It is a classic issue to find TopK in massive data, and the derived deep pagination query brings great challenges to analytical databases. This article introduces how the IMCI feature of the cloud-native relational database PolarDB addresses such challenges and ultimately outperforms ClickHouse whose performance is excellent in single table queries.
There is a common scenario in business systems where a batch of records is filtered based on given conditions. These records are sorted by user-specified conditions and displayed in paging mode. For example, filter out the products a merchant is selling, rank them by sales, and display them in pagination mode.
The preceding scenarios, reflected in databases, are often implemented with the TopK query like
ORDER BY column LIMIT n, m.

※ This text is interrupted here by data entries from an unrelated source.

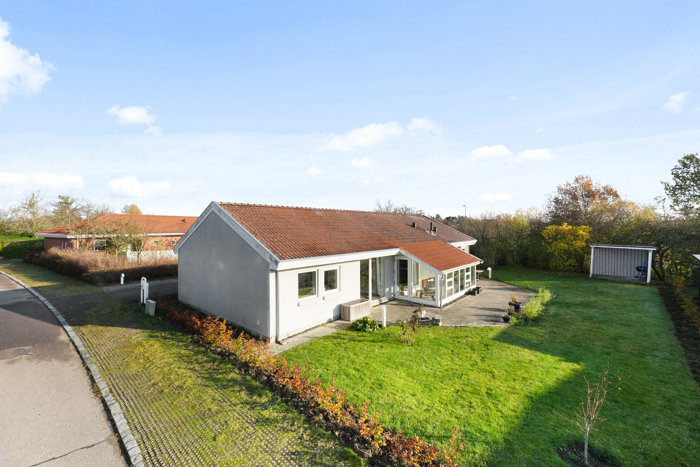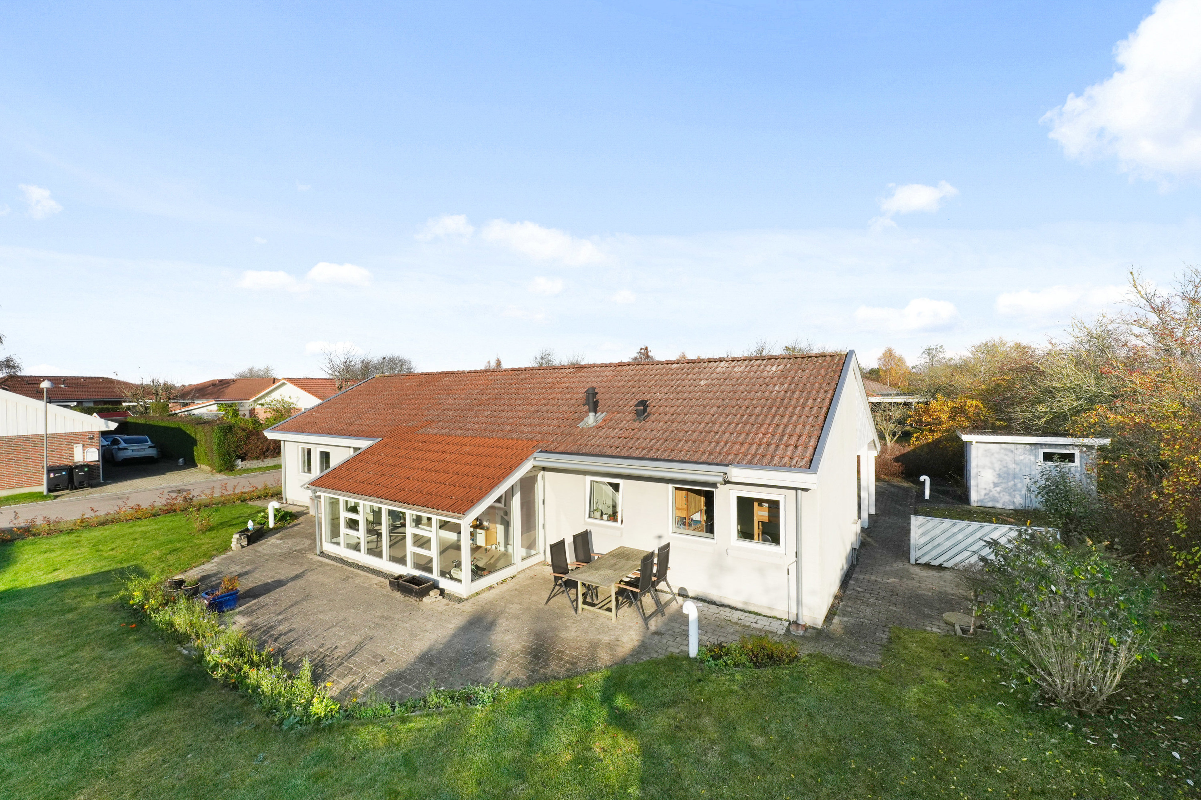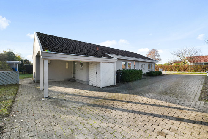 Tørskoet forbindelse til carporten er én af de detaljer, som man hurtigt forstår at sætte pris på, og da der er rigelig plads til parkering i indkørslen, kan carporten ubesværet dublere som en ugeneret, overdækket terrasse. Havens primære terrasse har sol det meste af dagen, og dertil har det ene redskabsskur en fin overdækning, så familiens grillmester altid kan stå i tørvejr.
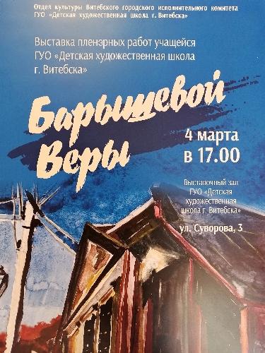 4 марта в преддверии Международного женского дня в фойе ГУО "Детская художественная школа г.Витебска" состоялось открытие персональной выставки учащейся 5 класса школы Барышевой Веры. На выставке представлены пленэрные работы, выполненные в различных техниках.
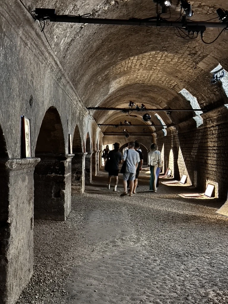 잠시 아이스크림을 먹고 쉰 후에는 지하 광장으로 들어갔다. 고대 로마인이 지하에서 포럼도 열고 광장처럼 물건도 팔곤 했다고 한다. 지하라는 말에 호기심이 생겨 들어갔는데, 지하의 긴 건축물만 대부분이고 유적물 같은 건 많지 않았다. 대신에, 그 긴 자리에 전시회가 진행되어 있어 공간을 채웠다. 현재와 과거가 한 자리에서 공존하는, 참 독특한 풍경이다.
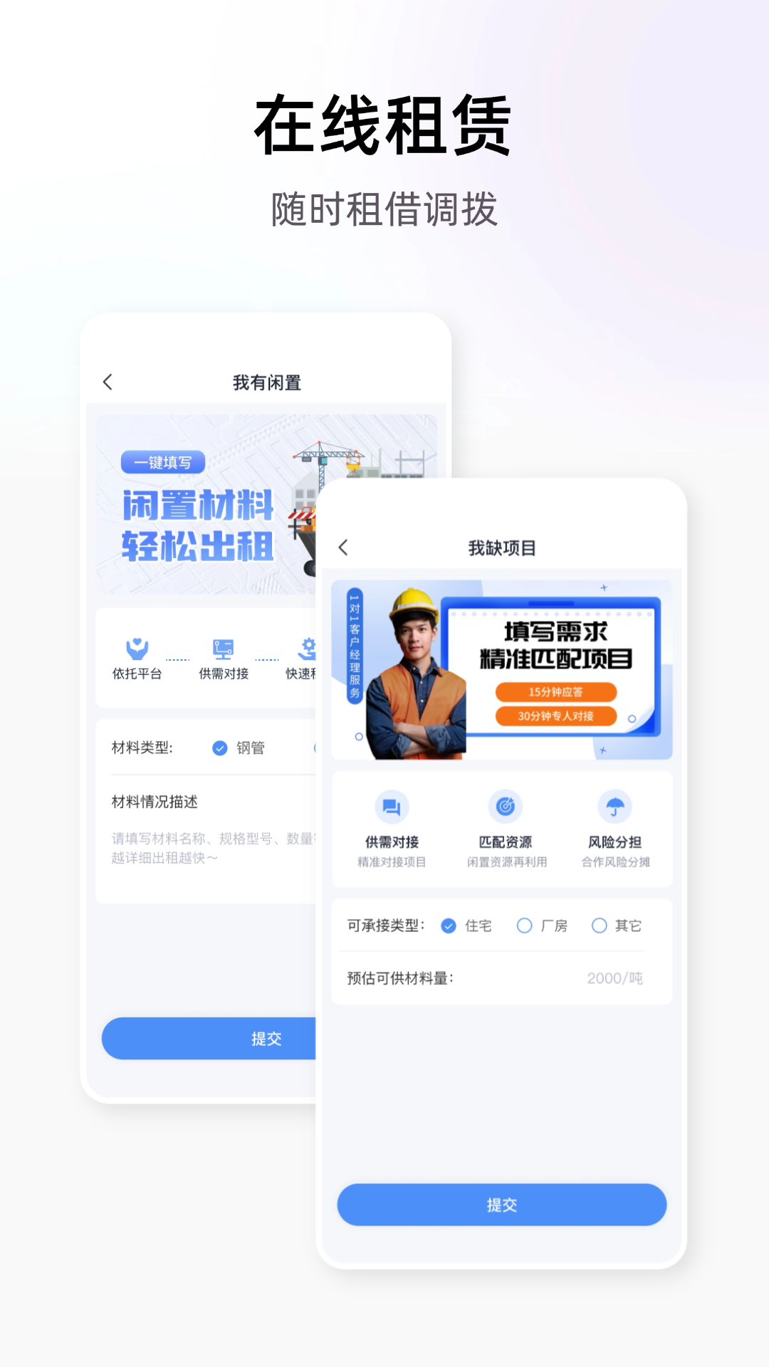 平台服务:材料租赁、签约供料、合伙人、行业圈。
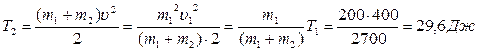 Пример 2 Молот массой m1 =200 кг падает на поковку, масса m2 которой вместе с наковальней равна 2500 кг. Скорость u1 молота в момент удара равна 2 м/с. Найти: кинетическую энергию молота в момент удара; энергию, переданную фундаменту; энергию, затраченную на деформацию поковки; КПД удара молота о поковку. Удар считать абсолютно неупругим.
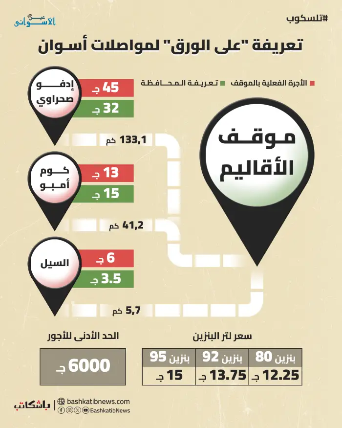 تصوير: أمنية حسن، باسم حنيجل - انفوجراف التعريفة الرسمية والفعلية بأسوان، ولقطات لموقف الأقاليم
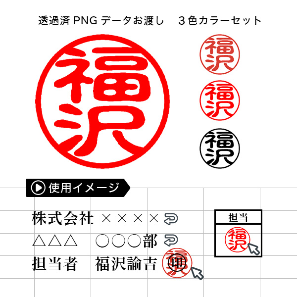 透過PNG画像、実寸12mm・朱・赤・黒3色セットの電子印鑑です。日常的な書類作成時の担当印などにお使いいただけます。
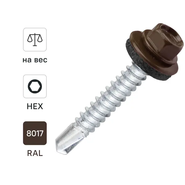 **Саморезы кровельные по металлу с буром RAL 8017 5.5x38 мм на вес** предназначены для надежного крепления кровельных материалов к металлическим поверхностям. Эти саморезы отличаются высокой прочностью и долговечностью, обеспечивая надежную фиксацию элементов кровли даже в условиях сильных ветров и осадков. ### Преимущества - **Высокая прочность и долговечность** - саморезы изготовлены из высококачественной стали, покрытой слоем цинка, что обеспечивает их устойчивость к коррозии и механическим воздействиям. - **Удобство монтажа** - саморезы оснащены сверлом, которое позволяет легко и быстро сделать отверстие в металле, не требуя дополнительных инструментов. - **Шестигранная головка** - обеспечивает надежный захват инструментом, упрощая процесс завинчивания и исключая возможность проскальзывания. - **Шестигранный шлиц** - обеспечивает надежное и плотное соединение с инструментом, исключая возможность повреждения самореза во время монтажа. - **Покрытие по каталогу RAL 8017** - обеспеч
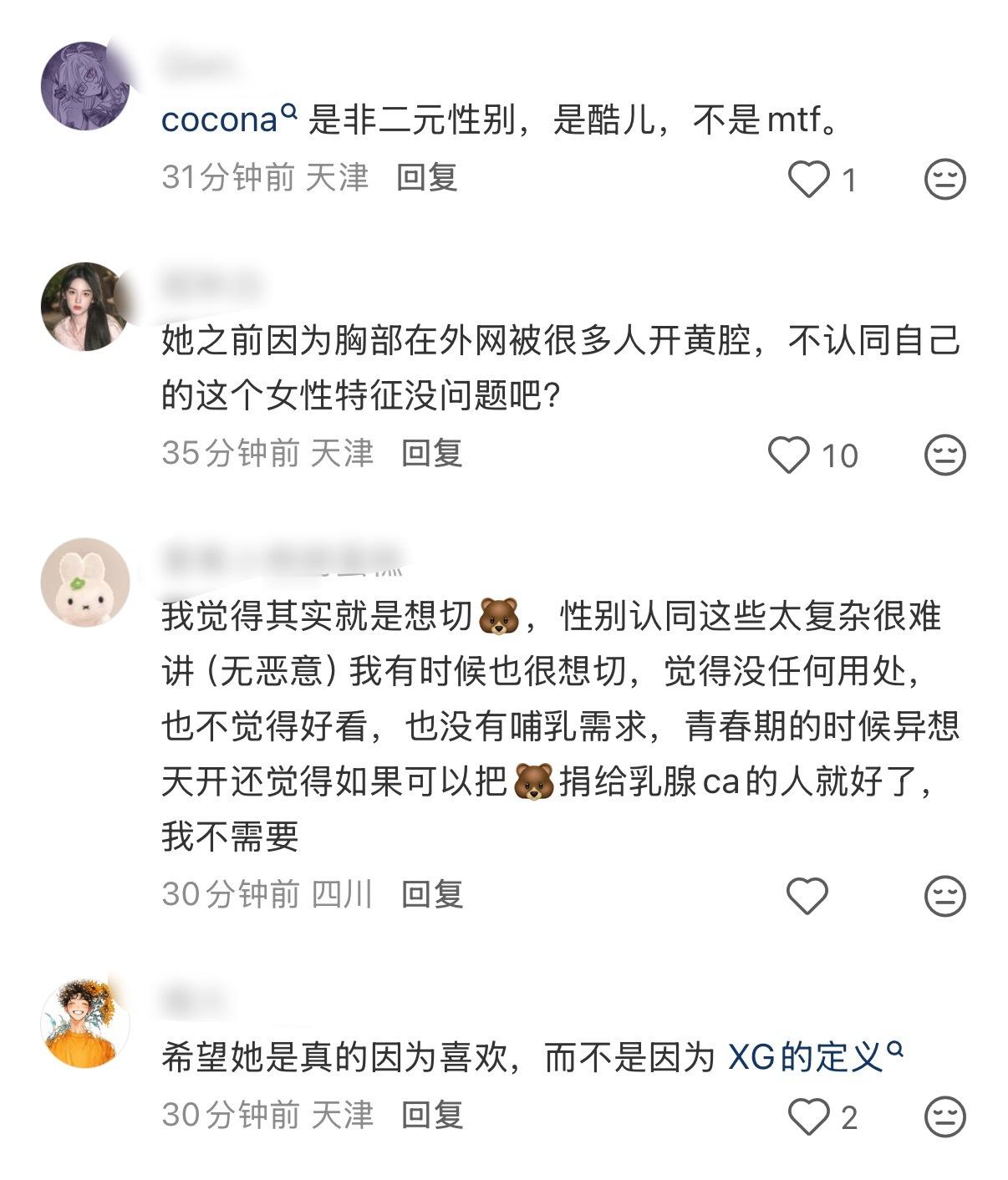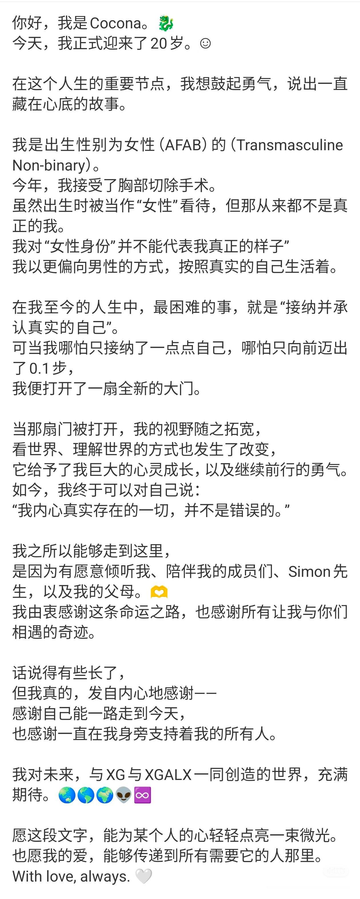 XG女团成员 cocona 秋山心響宣布胸部切除术天哪 不认同自己是女性 那还能在女团吗?而且为什么要切胸,男人也有胸啊……XG女团成员宣布胸部切除术 XG成员Cocona做胸部切除术

For example, assuming that 100 records are displayed on each page in the business system, page 1 can be displayed by
ORDER BY column LIMIT 0, 100, and page 10001 can be displayed by
ORDER BY column LIMIT 1000000, 100.
In the absence of indexes, such queries are often implemented in the database through the classic heap-based TopK algorithm. A heap of size K is maintained in the memory, and the top of the heap is the record currently ranked Kth. This heap is maintained in real-time during the execution of the algorithm to ensure that the records in the heap are always ranked in the top K. When the shallow pagination query is performed (as shown above on page 1), K is small. The heap-based TopK algorithm above is very efficient.
Deep pagination query also occurs in business scenarios (hereinafter referred to as deep pagination), such as page 10001 above. In this scenario, K is very large, and the heap with size K may not be cached in the memory, and the query results cannot be obtained by the preceding method. Even if the memory is sufficient, since the operation of maintaining the heap is out of order, when the heap is very large, the memory access efficiency of the traditional TopK algorithm is less efficient, and the final performance is unsatisfactory.
PolarDB IMCI uses the preceding method to implement such queries. When the memory is insufficient to cache the heap of size K, this query method degrades to a full-table sorting, and the system fetches the records in the corresponding position after sorting. Therefore, the performance in deep pagination queries is not very satisfactory. To this end, we analyzed the characteristics of deep pagination scenarios and the problems of traditional solutions, investigated related research and industrial implementations, and redesigned the Sort/TopK operator of PolarDB IMCI. In the test scenario, the redesigned Sort/TopK operator significantly improves the performance of PolarDB IMCI in deep pagination scenarios.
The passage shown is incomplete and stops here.